Start of RAW DATA

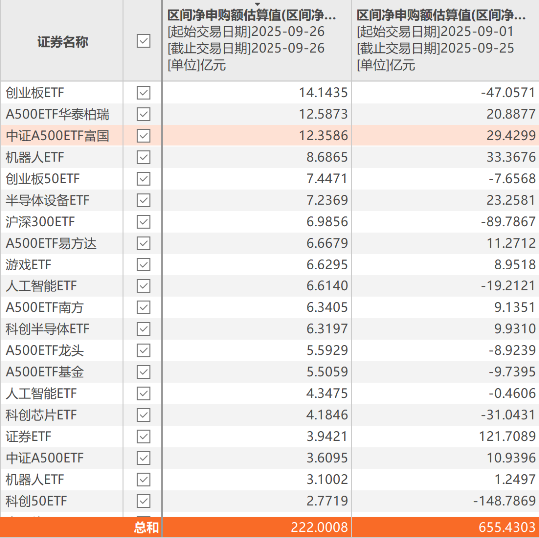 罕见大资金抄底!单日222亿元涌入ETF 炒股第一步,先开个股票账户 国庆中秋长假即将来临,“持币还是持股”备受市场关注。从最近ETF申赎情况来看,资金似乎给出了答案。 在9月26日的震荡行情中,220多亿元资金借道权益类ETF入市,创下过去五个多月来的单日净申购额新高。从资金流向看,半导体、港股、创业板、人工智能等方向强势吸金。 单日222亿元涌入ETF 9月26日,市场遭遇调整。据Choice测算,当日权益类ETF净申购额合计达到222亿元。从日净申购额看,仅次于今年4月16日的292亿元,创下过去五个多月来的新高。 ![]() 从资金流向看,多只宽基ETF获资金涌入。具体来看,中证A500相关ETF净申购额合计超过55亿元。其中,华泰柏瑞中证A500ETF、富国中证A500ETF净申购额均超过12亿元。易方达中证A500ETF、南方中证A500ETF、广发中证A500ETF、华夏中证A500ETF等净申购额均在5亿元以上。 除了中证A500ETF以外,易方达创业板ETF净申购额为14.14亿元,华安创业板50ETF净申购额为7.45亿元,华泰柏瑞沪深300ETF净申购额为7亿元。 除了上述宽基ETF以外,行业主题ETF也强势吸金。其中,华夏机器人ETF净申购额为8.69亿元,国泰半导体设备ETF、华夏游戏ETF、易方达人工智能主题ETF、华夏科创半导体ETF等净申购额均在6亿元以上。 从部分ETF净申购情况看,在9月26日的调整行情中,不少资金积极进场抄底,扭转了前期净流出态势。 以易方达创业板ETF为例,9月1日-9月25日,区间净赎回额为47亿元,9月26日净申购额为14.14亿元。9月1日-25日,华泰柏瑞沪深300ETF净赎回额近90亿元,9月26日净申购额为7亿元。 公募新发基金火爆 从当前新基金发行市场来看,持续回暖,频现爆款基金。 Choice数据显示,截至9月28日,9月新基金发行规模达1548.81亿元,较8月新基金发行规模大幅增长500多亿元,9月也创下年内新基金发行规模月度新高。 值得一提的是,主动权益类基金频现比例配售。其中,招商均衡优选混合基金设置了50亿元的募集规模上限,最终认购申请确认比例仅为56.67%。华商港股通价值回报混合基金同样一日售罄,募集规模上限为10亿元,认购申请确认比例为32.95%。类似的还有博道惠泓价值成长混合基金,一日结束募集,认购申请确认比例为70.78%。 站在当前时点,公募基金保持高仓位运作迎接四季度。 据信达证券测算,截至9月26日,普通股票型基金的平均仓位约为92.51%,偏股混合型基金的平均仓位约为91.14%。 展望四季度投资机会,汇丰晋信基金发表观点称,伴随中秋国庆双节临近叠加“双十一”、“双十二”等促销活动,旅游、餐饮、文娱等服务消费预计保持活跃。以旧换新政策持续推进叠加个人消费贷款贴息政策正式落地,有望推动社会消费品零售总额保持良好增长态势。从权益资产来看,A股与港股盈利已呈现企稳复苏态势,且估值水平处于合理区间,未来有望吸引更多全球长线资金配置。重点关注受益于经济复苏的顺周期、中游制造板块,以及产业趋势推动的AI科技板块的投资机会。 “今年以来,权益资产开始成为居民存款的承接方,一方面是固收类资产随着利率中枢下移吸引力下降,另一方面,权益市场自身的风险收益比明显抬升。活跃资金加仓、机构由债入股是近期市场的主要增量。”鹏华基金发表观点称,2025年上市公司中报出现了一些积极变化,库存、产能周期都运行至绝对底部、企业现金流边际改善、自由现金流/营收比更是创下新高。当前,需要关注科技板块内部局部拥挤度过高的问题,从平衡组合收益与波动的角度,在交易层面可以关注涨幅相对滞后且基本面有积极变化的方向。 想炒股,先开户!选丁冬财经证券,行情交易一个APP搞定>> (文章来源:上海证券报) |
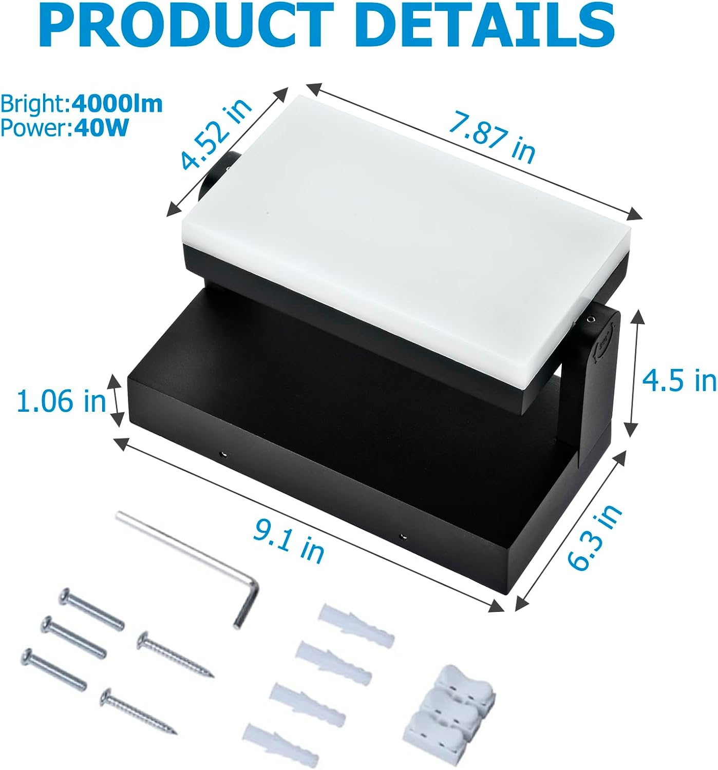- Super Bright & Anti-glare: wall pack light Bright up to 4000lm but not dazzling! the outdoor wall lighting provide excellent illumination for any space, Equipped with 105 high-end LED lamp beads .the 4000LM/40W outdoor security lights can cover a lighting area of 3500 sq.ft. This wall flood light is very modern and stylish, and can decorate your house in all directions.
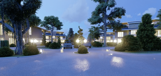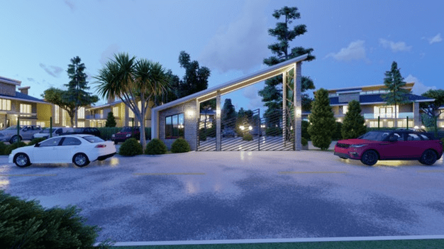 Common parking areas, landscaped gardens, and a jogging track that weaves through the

End of RAW DATA

## TASK
Everything but the pictures is needed: copy the data above exactly.

## SOLUTION FOR THIS TASK
 罕见大资金抄底!单日222亿元涌入ETF 炒股第一步,先开个股票账户 国庆中秋长假即将来临,“持币还是持股”备受市场关注。从最近ETF申赎情况来看,资金似乎给出了答案。 在9月26日的震荡行情中,220多亿元资金借道权益类ETF入市,创下过去五个多月来的单日净申购额新高。从资金流向看,半导体、港股、创业板、人工智能等方向强势吸金。 单日222亿元涌入ETF 9月26日,市场遭遇调整。据Choice测算,当日权益类ETF净申购额合计达到222亿元。从日净申购额看,仅次于今年4月16日的292亿元,创下过去五个多月来的新高。 ![]() 从资金流向看,多只宽基ETF获资金涌入。具体来看,中证A500相关ETF净申购额合计超过55亿元。其中,华泰柏瑞中证A500ETF、富国中证A500ETF净申购额均超过12亿元。易方达中证A500ETF、南方中证A500ETF、广发中证A500ETF、华夏中证A500ETF等净申购额均在5亿元以上。 除了中证A500ETF以外,易方达创业板ETF净申购额为14.14亿元,华安创业板50ETF净申购额为7.45亿元,华泰柏瑞沪深300ETF净申购额为7亿元。 除了上述宽基ETF以外,行业主题ETF也强势吸金。其中,华夏机器人ETF净申购额为8.69亿元,国泰半导体设备ETF、华夏游戏ETF、易方达人工智能主题ETF、华夏科创半导体ETF等净申购额均在6亿元以上。 从部分ETF净申购情况看,在9月26日的调整行情中,不少资金积极进场抄底,扭转了前期净流出态势。 以易方达创业板ETF为例,9月1日-9月25日,区间净赎回额为47亿元,9月26日净申购额为14.14亿元。9月1日-25日,华泰柏瑞沪深300ETF净赎回额近90亿元,9月26日净申购额为7亿元。 公募新发基金火爆 从当前新基金发行市场来看,持续回暖,频现爆款基金。 Choice数据显示,截至9月28日,9月新基金发行规模达1548.81亿元,较8月新基金发行规模大幅增长500多亿元,9月也创下年内新基金发行规模月度新高。 值得一提的是,主动权益类基金频现比例配售。其中,招商均衡优选混合基金设置了50亿元的募集规模上限,最终认购申请确认比例仅为56.67%。华商港股通价值回报混合基金同样一日售罄,募集规模上限为10亿元,认购申请确认比例为32.95%。类似的还有博道惠泓价值成长混合基金,一日结束募集,认购申请确认比例为70.78%。 站在当前时点,公募基金保持高仓位运作迎接四季度。 据信达证券测算,截至9月26日,普通股票型基金的平均仓位约为92.51%,偏股混合型基金的平均仓位约为91.14%。 展望四季度投资机会,汇丰晋信基金发表观点称,伴随中秋国庆双节临近叠加“双十一”、“双十二”等促销活动,旅游、餐饮、文娱等服务消费预计保持活跃。以旧换新政策持续推进叠加个人消费贷款贴息政策正式落地,有望推动社会消费品零售总额保持良好增长态势。从权益资产来看,A股与港股盈利已呈现企稳复苏态势,且估值水平处于合理区间,未来有望吸引更多全球长线资金配置。重点关注受益于经济复苏的顺周期、中游制造板块,以及产业趋势推动的AI科技板块的投资机会。 “今年以来,权益资产开始成为居民存款的承接方,一方面是固收类资产随着利率中枢下移吸引力下降,另一方面,权益市场自身的风险收益比明显抬升。活跃资金加仓、机构由债入股是近期市场的主要增量。”鹏华基金发表观点称,2025年上市公司中报出现了一些积极变化,库存、产能周期都运行至绝对底部、企业现金流边际改善、自由现金流/营收比更是创下新高。当前,需要关注科技板块内部局部拥挤度过高的问题,从平衡组合收益与波动的角度,在交易层面可以关注涨幅相对滞后且基本面有积极变化的方向。 想炒股,先开户!选丁冬财经证券,行情交易一个APP搞定>> (文章来源:上海证券报) |
- Super Bright & Anti-glare: wall pack light Bright up to 4000lm but not dazzling! the outdoor wall lighting provide excellent illumination for any space, Equipped with 105 high-end LED lamp beads .the 4000LM/40W outdoor security lights can cover a lighting area of 3500 sq.ft. This wall flood light is very modern and stylish, and can decorate your house in all directions.
 Common parking areas, landscaped gardens, and a jogging track that weaves through the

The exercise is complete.